Sosyal medyadan okulu açtığımızda mangalları yakacağız dedik ve yaktık
Pandeminin ilk başladığı dönemlerde herkesin kendisini bir anda evde bulduğunu kaydeden Sarıbıyık, “Hafta sonları dışarıya çıkılamadı ve derslere gelinemedi. Farklı şehirlerde farklı ikramlar söz konusu olunca arkadaşlarımızın da bizden bir beklentisi oldu. Biz de sosyal medyadan okulu açtığımızda mangalları yakacağız dedik ve yaktık. Ekip arkadaşlarımıza çok teşekkür ediyorum. Önemli olan birimlerimizin de bunu sahiplenmesiydi. Dış paydaşlarımızın da ciddi katkıları oldu. TEKNOFEST’te yarışan öğrencilerimizin ortaya çıkardığı dronelerle köfte servisi yapılması da bu etkinliklerimizin en güzel ve gurur verici anlarından birisiydi. Kendilerini tebrik ediyorum. Önümüzdeki TEKNOFEST yarışmaları için daha iddialıyız. Diğer bir gruptaki öğrencilerimiz elektrikli aracı yüzde 95 yerli hale getirdiler. İmkân verildiğinde bunu yapabilecek nitelikte olduklarını gösterdiler. Birçoğu da bu alanla ilgili yerlerde çalışmaya başladılar” şeklinde konuştu.
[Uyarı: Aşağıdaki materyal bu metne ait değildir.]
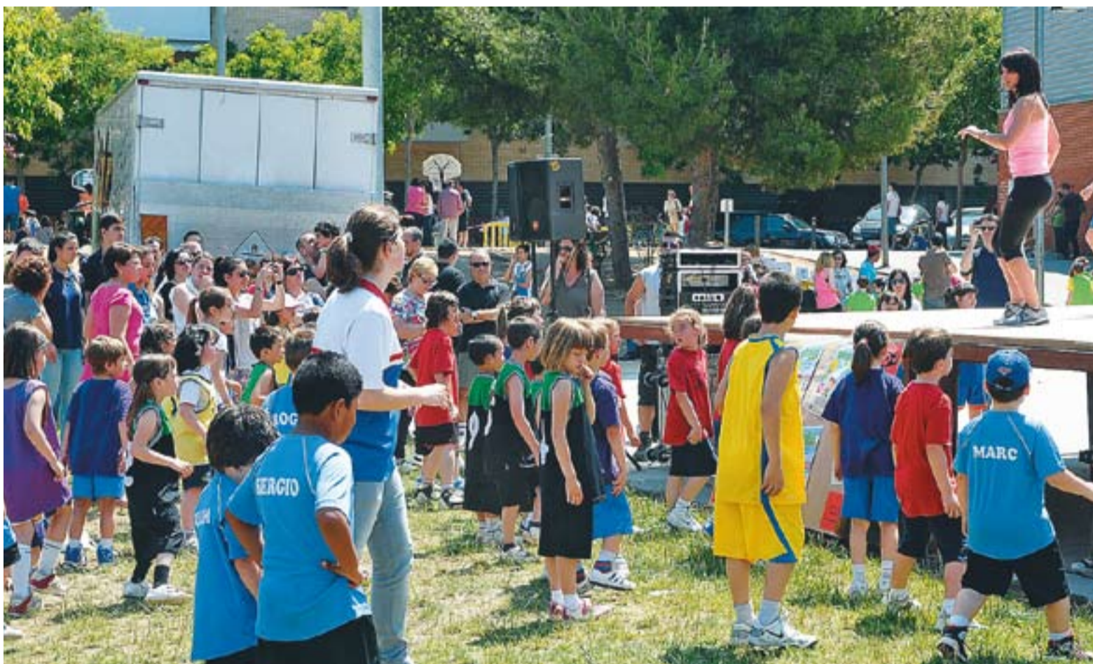
Una de les activitats que han tingut lloc durant la festa amb més aflluència del bàsquet castellarenc.

Més de 100 escoles a la festa del bàsquet i la salvació de la categoria del sènior del CB Castellar culmina un cap de setmana rodó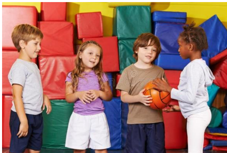
Slika 5. Hvatanje i bacanje lopte

Hvatanje zahtijeva izrazito skladan rad mišića ruku i ramenog pojasa te njihovu usklađenost s procjenom udaljenosti nadolazećeg predmeta i brzinom njegova leta (Neljak, 2009:52). Hvatanje je izrazito zahtjevna aktivnost za predškolsku djecu, a djeca u mlađoj dobnoj skupini ne mogu precizno bacati ili hvatati loptu uspješno. U srednjoj dobnoj skupini djeca mogu ubacivati predmete u košaru iz blizine, no tek se u starijoj dobnoj skupini kod određenog boja djeca savlada relativno precizno bacanje lopte, dok manji broj djece savlada „ispravno“ hvatanje lopte (Neljak, 2009).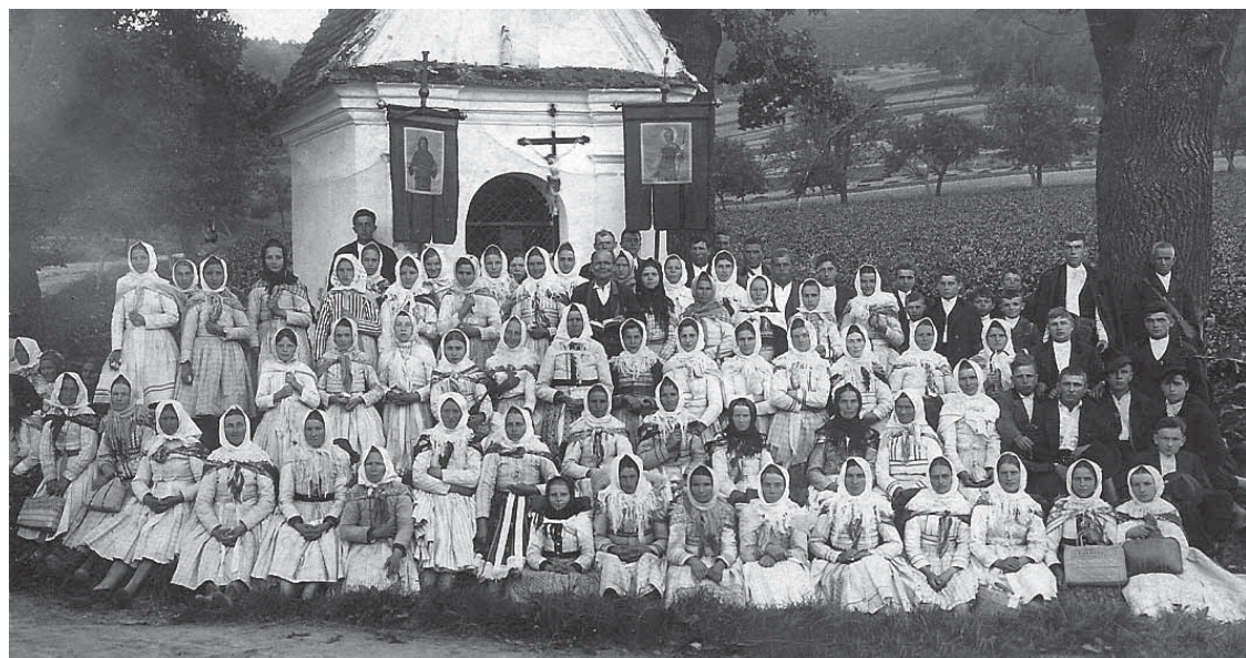
Takto putovali pěšky na Sv. Hostýn poutníci z Ostrožské Lhoty ve třicátých letech minulého století.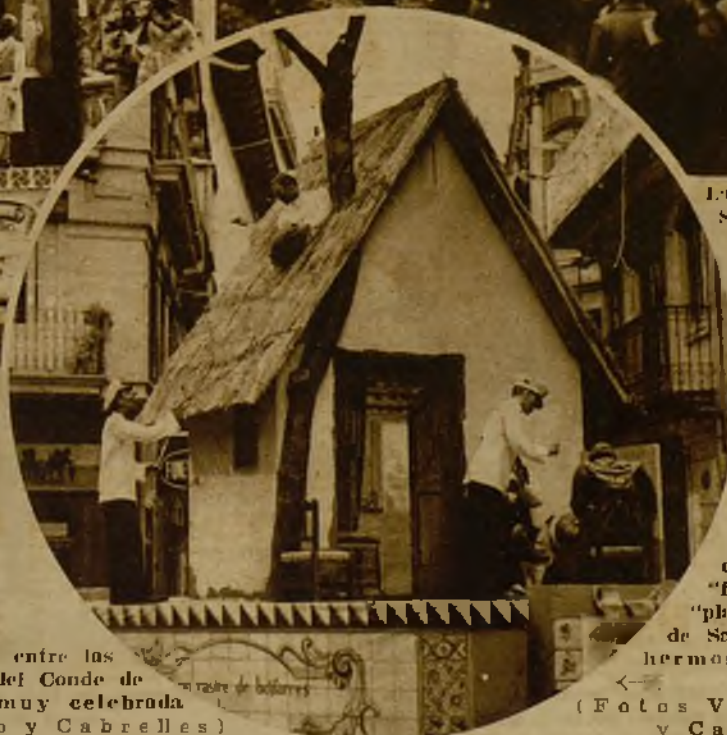
Otra falla, también muy celebrada, es la que aparece en esta "foto", que ha sido "plantada" en la plaza de San Bartolomé, de la hermosa ciudad levantina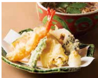
天ぷら盛り合わせとそば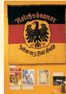
„Reichsbanner“-Fahne aus Erlangen-Bruck, 1924/26 – Zeugnis der Zeitgeschichte

Die Verlagerung der Hauptverwaltung der Siemens-Schuckertwerke AG von Berlin in das unzerstörte Erlangen bedeutete 1945 den ersten Schritt zur wohlhabenden Angestelltenstadt und zur Großstadt (1974).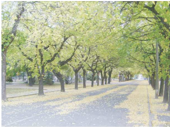
Nyugati ostorfasor (Kossuth tér)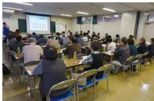
豊田公民館での開催の様子

この研修会が、地域で進める助けあい、支え合い活動のヒントになることを願っています。

Üniversitedeki dostlar kaybolmayan dostluklardır
Öğrencilere tavsiyelerde de bulunan Sarıbıyık, “Çoğu öğrencimiz üniversite için bu şehirdeler. Bu nedenle öğrencilikle ilgili çalışma ve faaliyetleri ilk sıraya alsınlar. Üniversiteli olmak bir ayrıcalıktır. Ama bu demek değil ki sadece derslere odaklanılsın. Sosyal aktivitelere de önem versinler. İyi arkadaşlıklar geliştirsinler. Üniversitedeki dostlar kaybolmayan dostluklardır. Bu süreç içerisindeki dostlukların çoğu menfaat dışı ve beklenti olmadan gerçekleşen dostluklardır. Uygulama becerisi, bir işi yapabiliyor olmak son derece önemli. Bir işi yapabiliyor olsunlar. İş başa düştüğünde bu ortaya çıkıyor. Üniversiteye hazırlanırken ben bir yıla yakın süre boyunca bir fabrikada aşçılık yaparak 50-60 kişiye yemek çıkarttım. Meslek lisesi mezunuyum ve inşaatla ilgili boya, seramik kaplama ve fayans kaplama gibi birçok işi rahatlıkla yapabilecek durumdayım. Yüksek lisansımı ve doktoramı yurtdışında yaptım. Doktoram uzadı ve bursum kesildi. Eşim var, çocuğum var, İngiltere’de yabancı ellerde yaşıyorum. Ailemin imkânları kısıtlı ve çalışmak zorundayım. Bu süreçte de Türk arkadaşlarımın evlerini boyadım. Kâğıt kaplamasını yaptım. Bir takım restoranlarda çalıştım. Yapabileceğiniz bir iş olmazsa ne yapabilirsiniz ki? O nedenle öğrencilerimiz bu süreci iyi değerlendirsinler. Akıp giden fırsatları iyi değerlendirsinler” ifadelerini kullandı.